[Start of section]
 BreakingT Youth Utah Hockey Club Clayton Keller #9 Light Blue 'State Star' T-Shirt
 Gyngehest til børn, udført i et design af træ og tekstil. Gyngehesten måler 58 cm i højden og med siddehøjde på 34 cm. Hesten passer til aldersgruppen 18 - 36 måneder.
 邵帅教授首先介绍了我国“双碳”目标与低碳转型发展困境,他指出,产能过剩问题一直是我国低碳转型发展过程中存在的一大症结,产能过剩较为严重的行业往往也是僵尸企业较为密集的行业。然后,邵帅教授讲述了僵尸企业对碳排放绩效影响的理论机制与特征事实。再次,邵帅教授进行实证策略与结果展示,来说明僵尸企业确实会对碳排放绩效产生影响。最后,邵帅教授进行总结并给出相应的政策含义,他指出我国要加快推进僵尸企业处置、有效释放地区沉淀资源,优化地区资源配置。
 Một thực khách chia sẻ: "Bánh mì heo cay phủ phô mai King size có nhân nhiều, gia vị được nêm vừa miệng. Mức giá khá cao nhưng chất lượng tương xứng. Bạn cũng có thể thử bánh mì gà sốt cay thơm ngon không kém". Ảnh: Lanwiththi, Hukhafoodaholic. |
[End of section]
[Start of section]
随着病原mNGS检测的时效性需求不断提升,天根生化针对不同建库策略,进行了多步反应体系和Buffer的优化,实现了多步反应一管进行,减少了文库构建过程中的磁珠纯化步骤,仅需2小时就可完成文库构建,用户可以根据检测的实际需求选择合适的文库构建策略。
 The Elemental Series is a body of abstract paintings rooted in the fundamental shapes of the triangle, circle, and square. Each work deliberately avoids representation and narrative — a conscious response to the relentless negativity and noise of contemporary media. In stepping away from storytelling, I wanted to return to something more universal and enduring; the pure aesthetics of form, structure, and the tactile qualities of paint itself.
[End of section]
Exercise prompt — Only the lines above from the one with "BreakingT Youth Utah" through the one with "Một thực khách" should be duplicated, character for character.

Reply —
 BreakingT Youth Utah Hockey Club Clayton Keller #9 Light Blue 'State Star' T-Shirt
 Gyngehest til børn, udført i et design af træ og tekstil. Gyngehesten måler 58 cm i højden og med siddehøjde på 34 cm. Hesten passer til aldersgruppen 18 - 36 måneder.
 邵帅教授首先介绍了我国“双碳”目标与低碳转型发展困境,他指出,产能过剩问题一直是我国低碳转型发展过程中存在的一大症结,产能过剩较为严重的行业往往也是僵尸企业较为密集的行业。然后,邵帅教授讲述了僵尸企业对碳排放绩效影响的理论机制与特征事实。再次,邵帅教授进行实证策略与结果展示,来说明僵尸企业确实会对碳排放绩效产生影响。最后,邵帅教授进行总结并给出相应的政策含义,他指出我国要加快推进僵尸企业处置、有效释放地区沉淀资源,优化地区资源配置。
 Một thực khách chia sẻ: "Bánh mì heo cay phủ phô mai King size có nhân nhiều, gia vị được nêm vừa miệng. Mức giá khá cao nhưng chất lượng tương xứng. Bạn cũng có thể thử bánh mì gà sốt cay thơm ngon không kém". Ảnh: Lanwiththi, Hukhafoodaholic. |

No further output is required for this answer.